Records excerpted from a collection
——

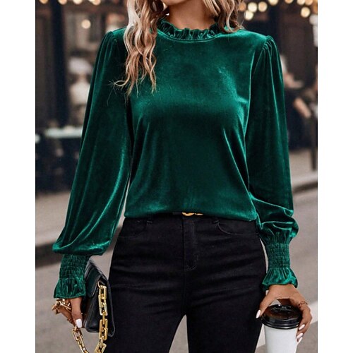 Per donna Velluto Elegant Elegante Blusa Semplice Vintage Elegante Manica Lunga Girocollo Top Regolari Quotidiano Ferie Uscire Arricciato Verde militare Blu Verde Rosa Autunno Inverno
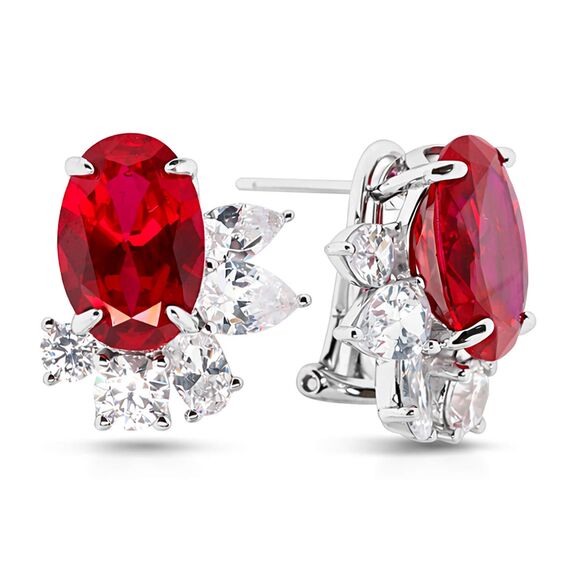 Ohrringe aus 925 Silber mit roten und farblosen Zirkonia
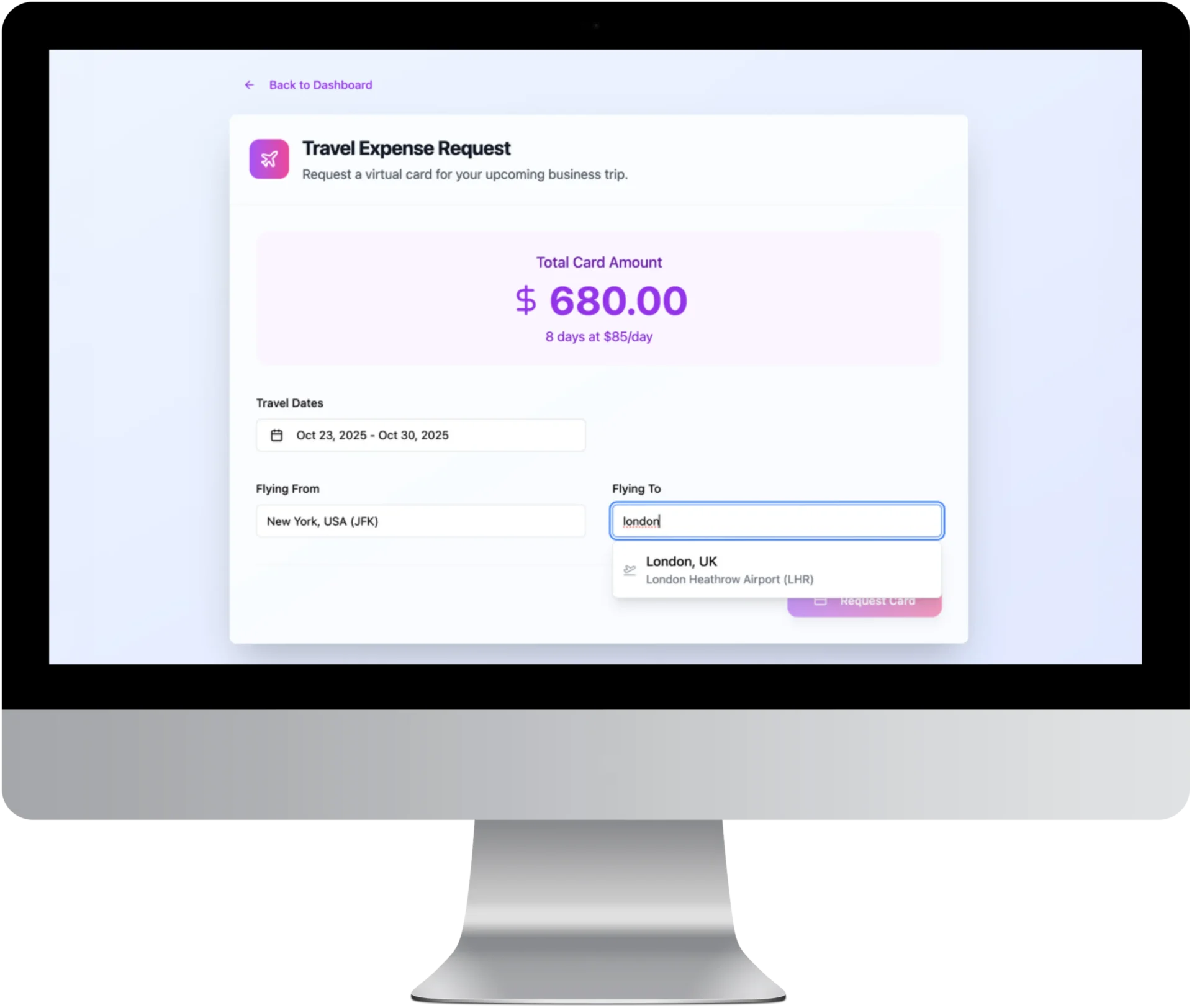 Any team member can log in and request a virtual card for an approved use case - like travel, SaaS, or general spend.
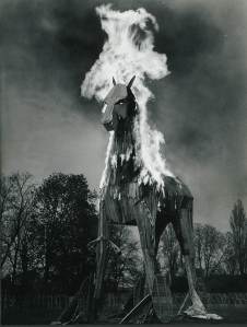 10 – It’s a Trojan Horse. This is in Thornes Park, Wakefield. A surprisingly busy place at 3 in the morning. Unusually heavy snow fall added to the experience of the three weeks camping on site necessary to guard the work in progress. That’s my green tent in the background.
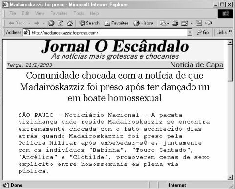 Uma página que faz graça com a difamação é o "Foi preso ", um site que brinca com tal situação: o sujeito recebe um email com o assunto "Sua privacidade está na internet". Vai ler, aparece o texto que o personagem (fictício) Madairoskazziz receberia:
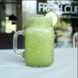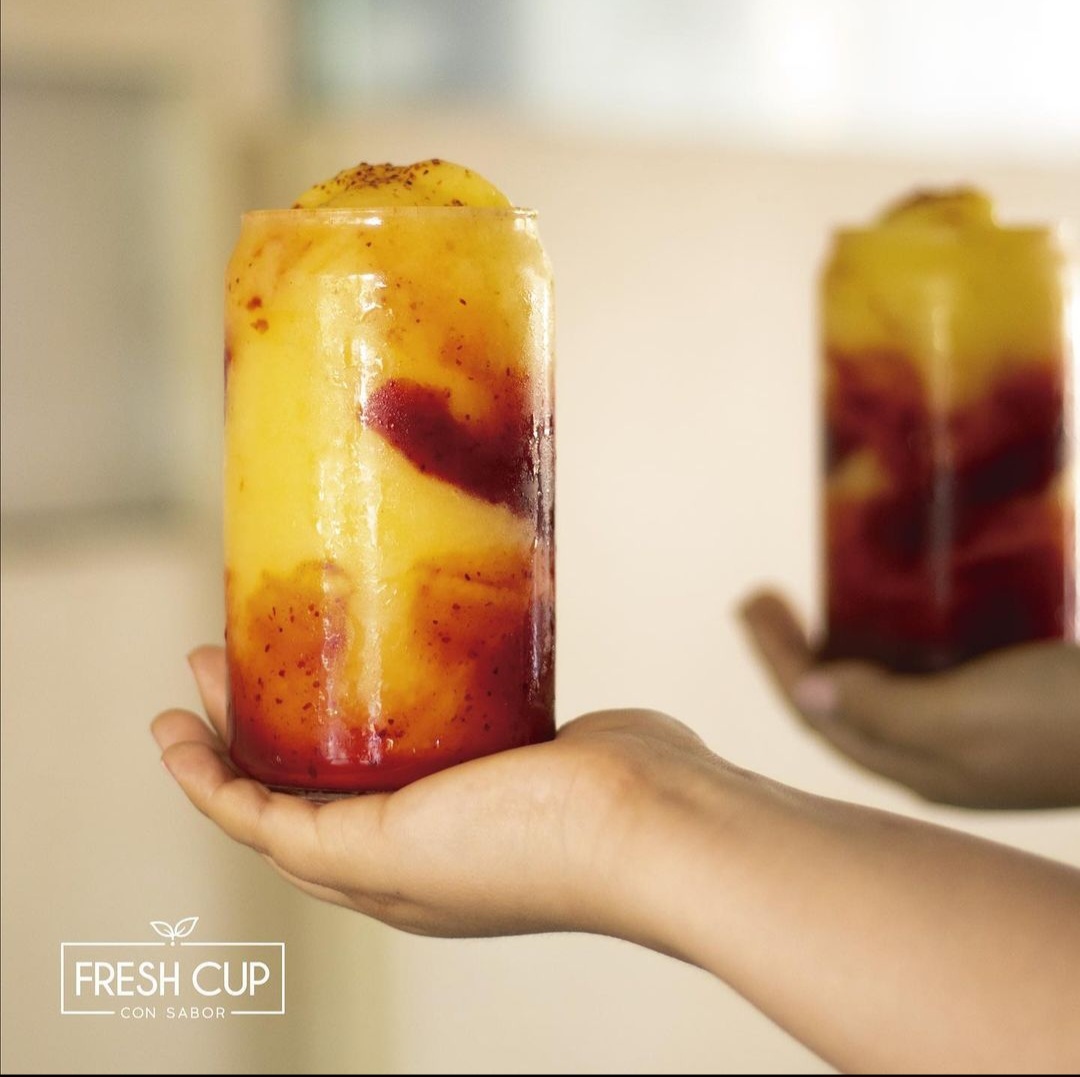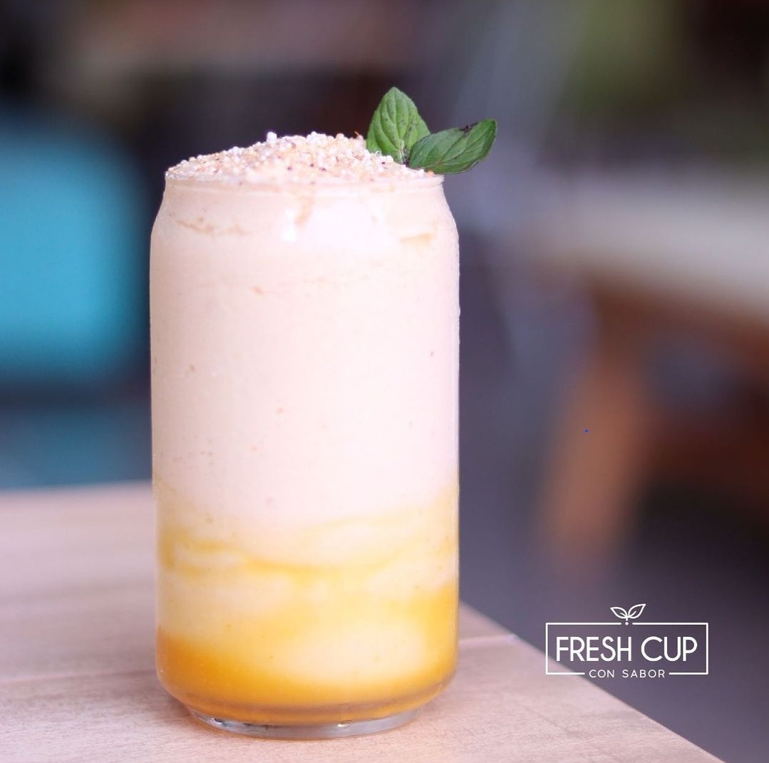 Base de plátano, cacao, mantequilla de cacahuate y leche; topping: mantequilla de almendras, plátano y granola.
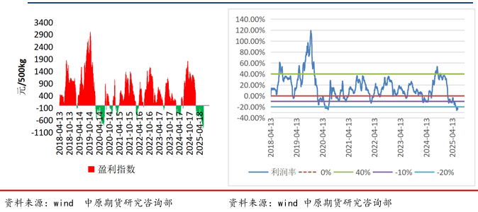 整体看,2025年上半年是供应压力不断显现,价格重心不断下 移,整体养殖利润进入深度亏损期,从大的产能周期角度,还是 从短的季节性周期角度,还是从产能变换的指标,期现货都已经 逼近了阶段性的低点,已经具备了中期的买入价值,建议开始重 点关注旺季合约7/8/9所有回调后的买入机会;期权方面,择机 根据波动情况选择买入虚值的看涨期权或卖出对应虚值看跌期 权;从价差关系角度,我们更加倾向于季节性旺季走完后的反套 操作。
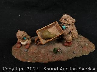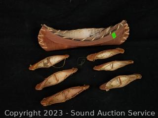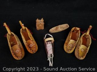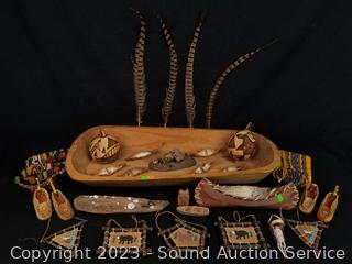 Cloth belts, sash, bark crafted boats, carved gourds, leather baby moccasins, bark dream catchers, feathers, driftwood, hand carved wood bowl 4" x 27" x 11".
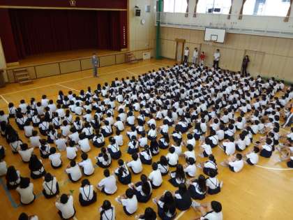 「夏休みの過ごし方について、校長先生から三つの注意があります。」

——

From the line with "Cloth belts, sash, bark" down to the end of the entries, retype each line exactly as written, but drop the pictures.

> **Output of the exercise**
 Cloth belts, sash, bark crafted boats, carved gourds, leather baby moccasins, bark dream catchers, feathers, driftwood, hand carved wood bowl 4" x 27" x 11".
 「夏休みの過ごし方について、校長先生から三つの注意があります。」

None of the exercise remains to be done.